'Jugalbandi' Chatbot Aimed At Rural India Backed By Microsoft Coming Soon
The AI chatbot is called Jugalbandi and uses language models from government-backed AI4Bharat, supported by Microsoft's Azure OpenAI service.
A new chatbot aimed at the diverse Indian audience is currently in the works. A research group backed by Microsoft and Infosys co-founder Nandan Nilekani will using generative AI capabilities (like ChatGPT) to make information about government schemes accessible in multiple languages.
The AI chatbot is called Jugalbandi and uses language models from government-backed AI4Bharat, supported by Microsoft's Azure OpenAI service.
What can Jugalbandi do?
The Jugalbandi chatbot is named after a performance in Indian classical music that represents a duet between two solo musicians. According to Reuters, the Jugalbandi chatbot will be able to operate on Meta-owned WhatsApp messaging services.
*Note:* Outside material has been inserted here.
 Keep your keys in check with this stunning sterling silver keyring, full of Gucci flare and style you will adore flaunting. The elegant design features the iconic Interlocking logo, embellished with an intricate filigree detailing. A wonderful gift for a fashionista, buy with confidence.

Jugalbandi will be able to understand questions in 10 Indian languages and will be able to retrieve information written in English on government websites and translate it to the local language of the user's choice.
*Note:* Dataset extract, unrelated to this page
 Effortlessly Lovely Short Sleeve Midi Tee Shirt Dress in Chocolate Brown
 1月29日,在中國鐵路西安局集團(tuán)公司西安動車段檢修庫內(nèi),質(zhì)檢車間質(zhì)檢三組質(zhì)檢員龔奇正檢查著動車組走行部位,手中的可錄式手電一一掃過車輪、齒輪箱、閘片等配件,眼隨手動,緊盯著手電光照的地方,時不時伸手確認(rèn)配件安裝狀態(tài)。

"I tested this when I visited India recently and I had two realisations. First, that we can build things can make a difference to 8 billion people and not just a small group of people. And, this diffusion will be able to take place in just days and weeks rather than years and centuries. With this we also ensure protection of fundamental right," said Microsoft CEO Satya Nadella during his keynote address while introducing Jugalbandi.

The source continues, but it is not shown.